The Jurassic non-associated gas field was discovered in 2006, with an estimated 35 Tcf of reserves. This project has been described as the most difficult in the world, for its geologic composition and the technical complexities that this presents. A first phase envisioned 175 MMcf/d and 50,000 bbl/d of condensate by 2008 however it seems to have reached a production plateau at 140 MMcf/d. The second phase is being constructed by Kharufi National and Saipem with a projected capacity of 500 MMcf/d due to come online by 2013. Original development plans of Jurassic forecast production of 600 MMcf/d by 2012 and 1 Bcf/d and 350,000 bbl/d of light crude or condensate, the classification of which is still undetermined, by 2015, although industry experts see this as unlikely, if not impossible at this point. Shell has been developing the Jurassic project through its 2010 ETSA.

The other prospect for non-associated natural gas production is the Dorra gas field offshore PNZ. This field is shared by Kuwait, Saudi Arabia, and Iran, which calls the field Arash. Kuwait and Saudi Arabia have already announced plans to begin production at Dorra by 2017, providing an additional 500-800 MMcf/d. Iran, in response, has indicated that it will develop its own side of the field in the near future. Political tensions between the Gulf States and Iran are at their highest in recent history, which will preclude any near-term settlement of mutual development.

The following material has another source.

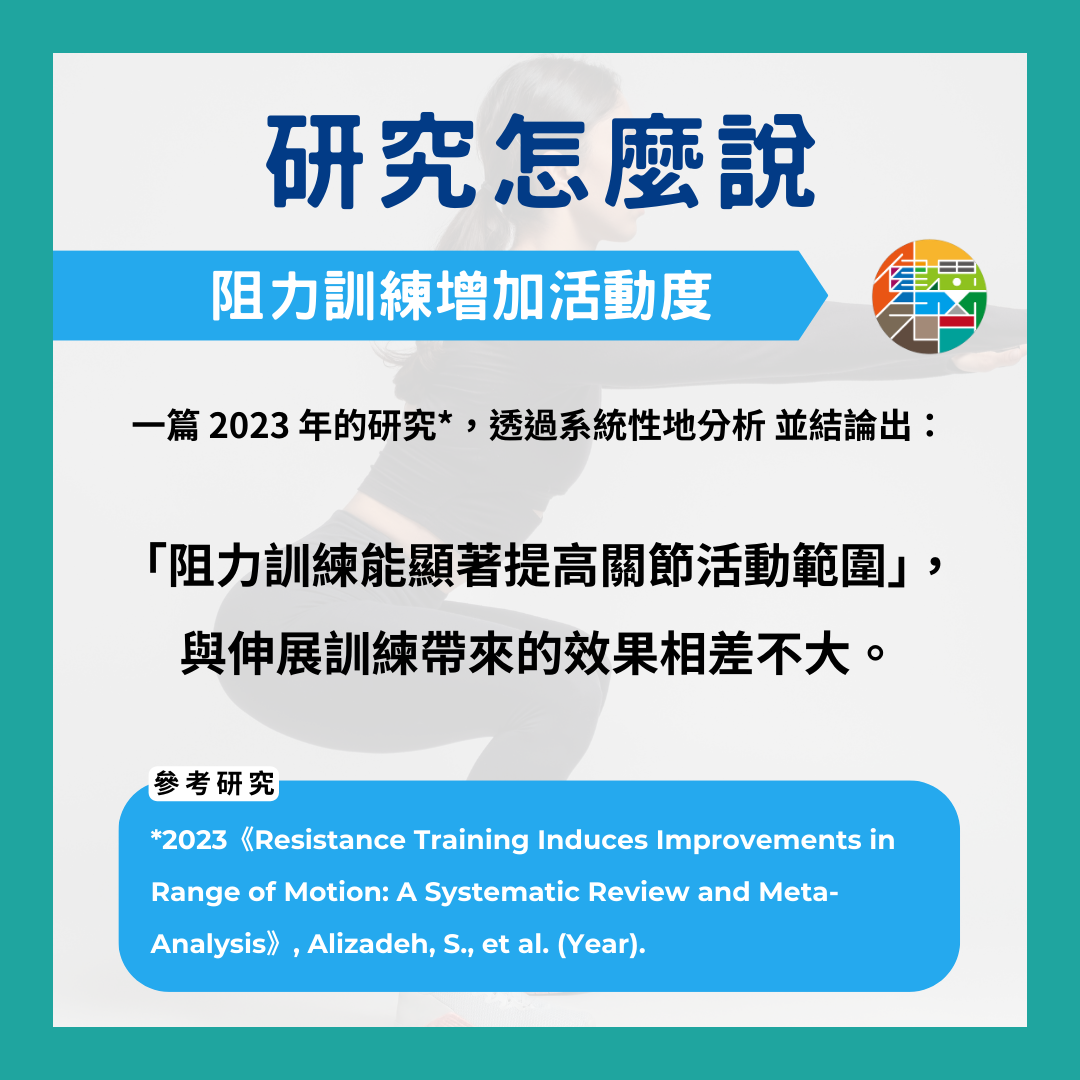 2023 年《Resistance Training Induces Improvements in Range of Motion: A Systematic Review and Meta-Analysis》這篇研究系統性地分析 55 篇相關研究,共涉及 2756 名參與者,年齡範圍從 8 歲到 78 歲。研究結果顯示,「阻力訓練能顯著提高關節活動範圍」,意味著進行阻力訓練後,可能不需要額外的靜態伸展來增強柔韌性。
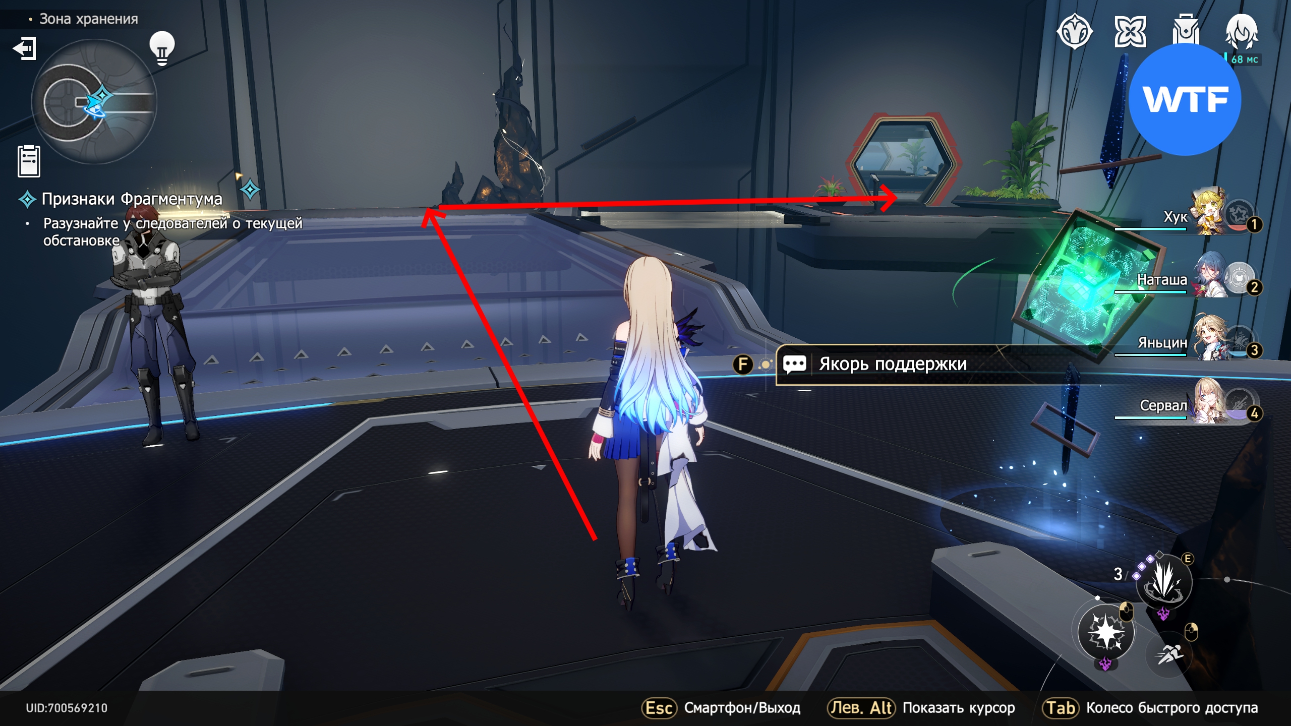 Ориентироваться без карты не очень удобно, поэтому весь путь мы будем описывать последовательно. Пройдите по светящемуся мосту слева от якоря поддержки, затем мимо платформы с врагом и зайдите в комнату. Вуббабу с маячком будет ждать вас в дальнем правом углу.

Kuwait is also expanding its gas processing infrastructure in order to meet rising domestic demand. Daelim of South Korea is currently constructing Kuwait's fourth gas processing plant, its largest to date at 800 MMcf/d. This unit will be on the site of the Ahmadi refinery and give Kuwait a gas processing capacity of 2.3 Bcf/d by 2013. A fifth train, the same size as the fourth is also in the planning stages, taking potential capacity over 3 Bcf/d. However, neither the current production plans nor the expansion of processing facilities is expected to meet the growing levels of domestic demand.

Consumption and Imports

In 2010, Kuwait consumed approximately 529 Bcf of natural gas, which is equal to 1.45 Bcf/d. Since 2008, Kuwait has consumed more natural gas than it has produced. This has compounded the problem of electricity outages by making the availability of feedstock precarious. As such, Kuwait has had to resort to imports of liquefied natural gas (LNG) to make up for this supply gap. In 2010, Kuwait imported 270 MMcf/d of LNG, largely from regional neighbors, Yemen and Oman. Re-exports of LNG from Qatar via Abu Dhabi were also necessary, as Saudi Arabia disallowed a pipeline directly linking Kuwait with Qatar three years ago. Kuwait's electricity demand, the generation of which is fueled increasingly by natural gas, has outpaced natural gas production during the summer months, resulting in the shutdown of refinery and petrochemical operations to meet the increased demand of electricity.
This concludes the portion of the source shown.